Introducing SuperNova-Medius: Arcee AI's 14B Small Language Model That Rivals a 70B

First came our flagship 70B SuperNova, followed by the 8B SuperNova-Lite. Today we add to this family of superpower Small Language Models with the release of the 14B SuperNova-Medius.

Introducing SuperNova-Medius: Arcee AI's 14B Small Language Model That Rivals a 70B

Arcee-SuperNova-Medius is an extremely compact (14B) yet powerful language model that balances size and performance, offering capabilities closer to those of our full-size 70B SuperNova model than our 8B SuperNova-Lite variant.

SuperNova-Medius excels at high-quality instruction-following and complex reasoning tasks, and has a deep reservoir of world knowledge. This makes it an excellent choice for a wide variety of business use cases including customer support, content creation, and advanced technical assistance.

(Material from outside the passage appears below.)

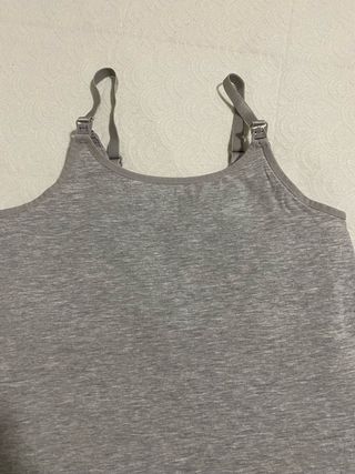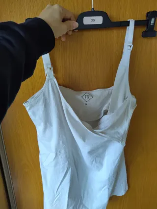 Camiseta de tirantes diseñada para la lactancia. - Tirantes ajustables con clips para facilitar la lactancia. - De algodón Bio, sostenible. - Talla M amplia - También vale para después de la lactancia, muy versátil. - Poco uso, muy bien conservada.

How We Trained Arcee-SuperNova-Medius

How did we pack so much into this 14B powerhouse? The development of SuperNova-Medius was unique, to say the least. We distilled it from Llama-3.1-405B (like SuperNova and SuperNova-Lite) – except it's from a model that uses a different architecture, so it's no small feat.

Details below straight from Arcee AI's own Charles Goddard (the founder of MergeKit), who explains the cross-architecture distillation.

💡
Where Can I Access SuperNova-Medius?

Arcee-SuperNova-Medius is available for open access under the Apache-2.0 license on Hugging Face, and provides a cost-effective solution that runs efficiently on much smaller hardware compared to larger models. For those who need even higher performance, our full-size 70B SuperNova model can be accessed via an Arcee-hosted API or for local deployment. To learn more or to explore deployment options, please reach out to sales@arcee.ai

Distillation

The current hotness in the world of Small Language Models (SLMs) is definitely distillation.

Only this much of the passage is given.